**Brief**
Work through the listing below and give again exactly the lines from the one with "3.UDP galactose is" to the one with "Ответ на задание", both ends included. All other lines and all pictures stay out.

**Exercise material**
===============
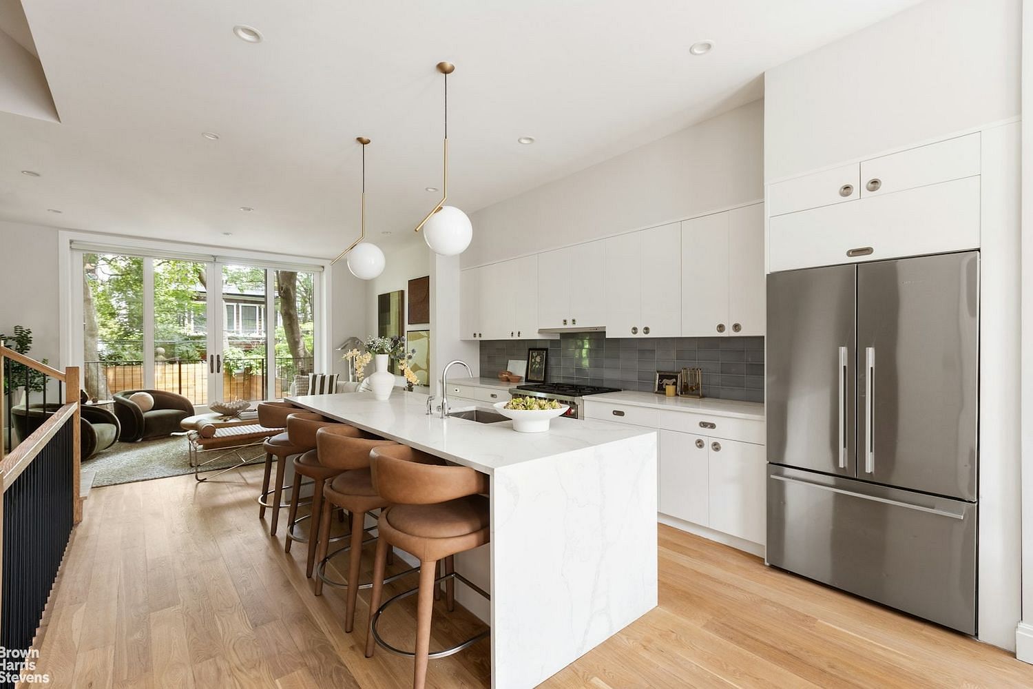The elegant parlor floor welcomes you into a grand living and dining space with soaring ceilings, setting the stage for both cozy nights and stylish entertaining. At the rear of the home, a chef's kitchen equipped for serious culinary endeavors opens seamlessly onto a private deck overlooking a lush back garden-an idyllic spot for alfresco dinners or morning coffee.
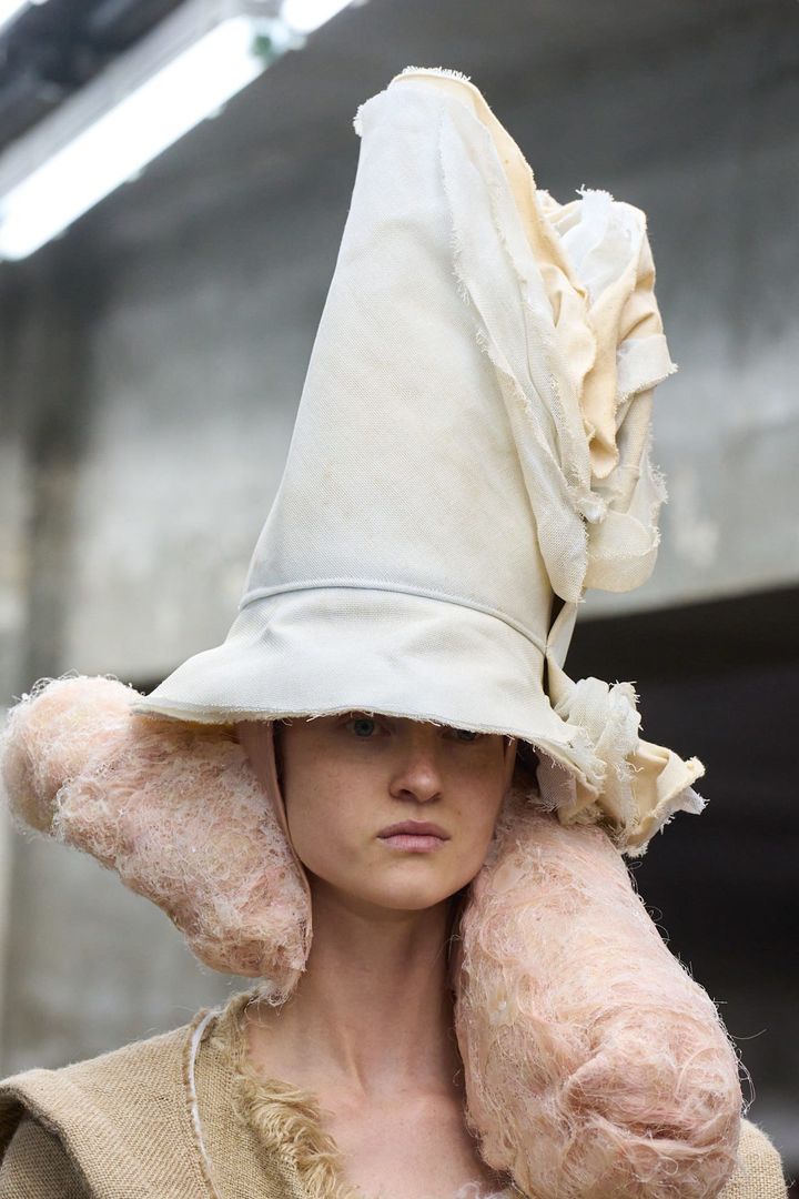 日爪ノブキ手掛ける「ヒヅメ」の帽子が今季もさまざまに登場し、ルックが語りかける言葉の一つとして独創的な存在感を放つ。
===============
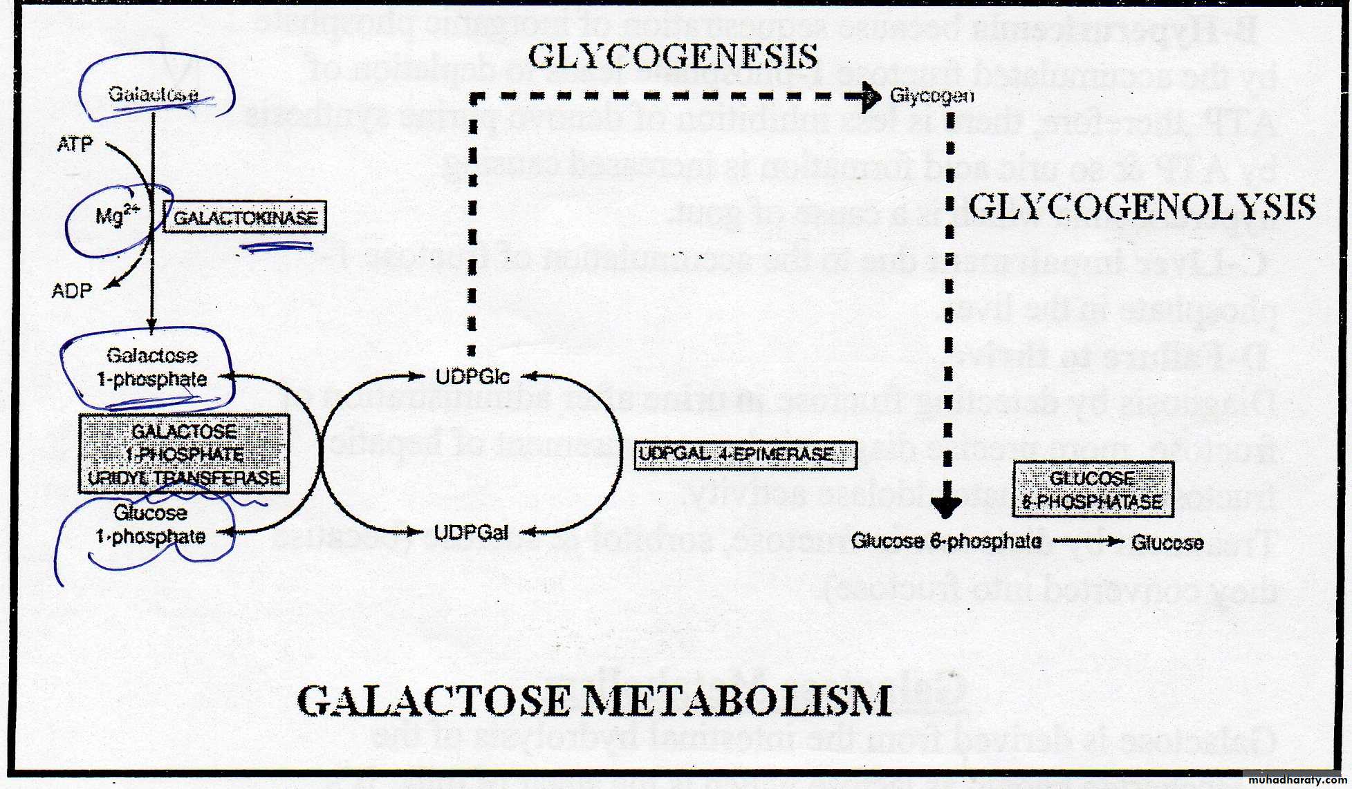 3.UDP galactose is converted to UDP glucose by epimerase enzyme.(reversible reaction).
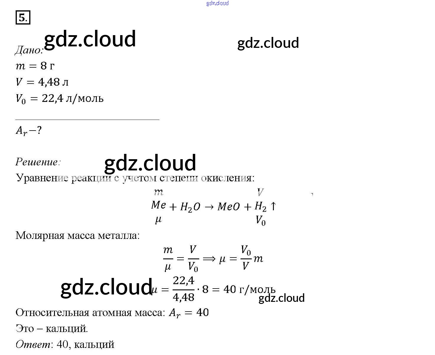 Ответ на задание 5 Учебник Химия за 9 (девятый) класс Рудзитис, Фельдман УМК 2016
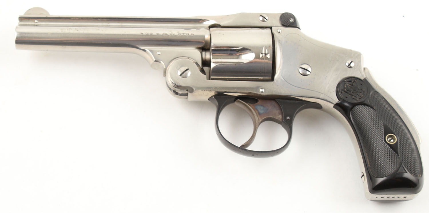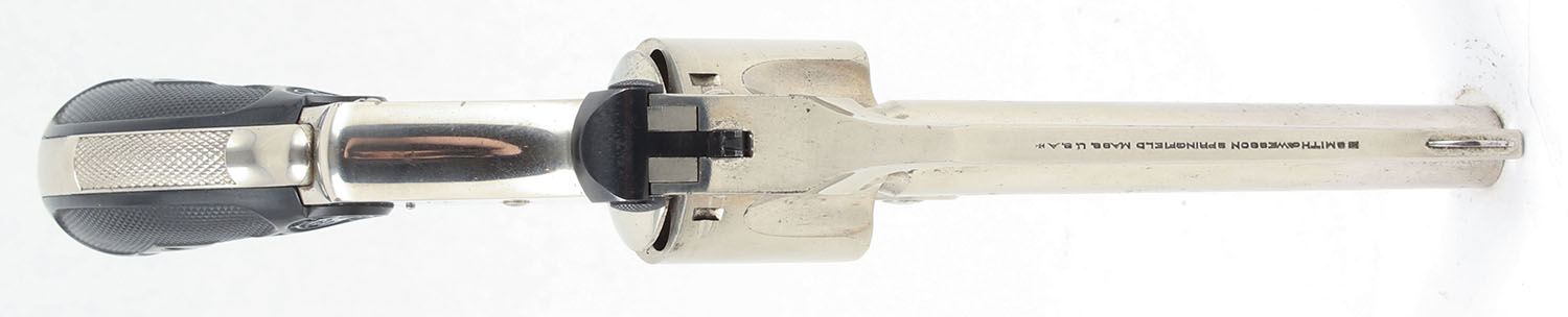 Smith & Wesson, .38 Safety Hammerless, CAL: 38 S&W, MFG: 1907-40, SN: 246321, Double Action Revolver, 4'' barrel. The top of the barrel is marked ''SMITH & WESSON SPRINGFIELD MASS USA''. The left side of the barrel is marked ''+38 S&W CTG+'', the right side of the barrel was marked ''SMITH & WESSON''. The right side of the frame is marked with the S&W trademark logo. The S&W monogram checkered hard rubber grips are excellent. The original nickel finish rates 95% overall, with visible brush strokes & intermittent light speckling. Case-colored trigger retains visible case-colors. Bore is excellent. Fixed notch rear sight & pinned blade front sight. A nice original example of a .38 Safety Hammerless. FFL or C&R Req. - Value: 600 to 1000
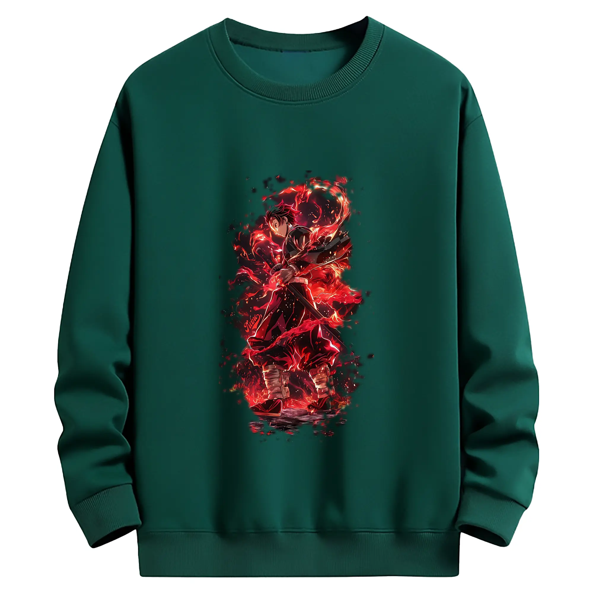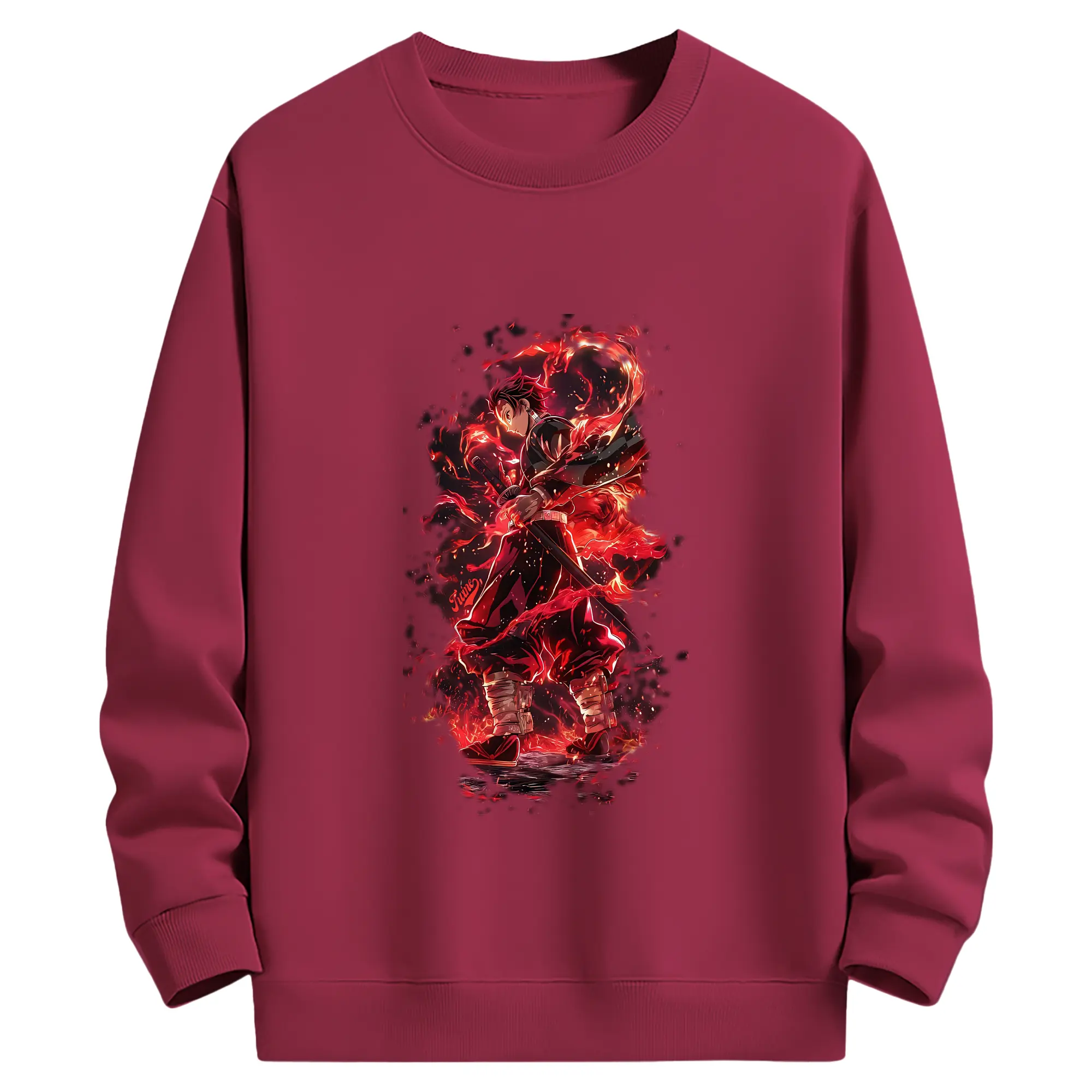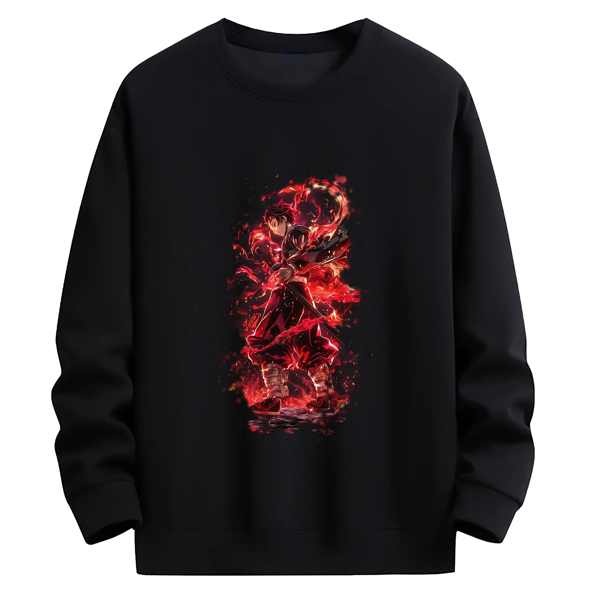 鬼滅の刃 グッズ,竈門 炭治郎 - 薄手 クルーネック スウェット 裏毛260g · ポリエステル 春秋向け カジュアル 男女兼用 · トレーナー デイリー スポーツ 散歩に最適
===============
**Reply**
 3.UDP galactose is converted to UDP glucose by epimerase enzyme.(reversible reaction).
 Ответ на задание 5 Учебник Химия за 9 (девятый) класс Рудзитис, Фельдман УМК 2016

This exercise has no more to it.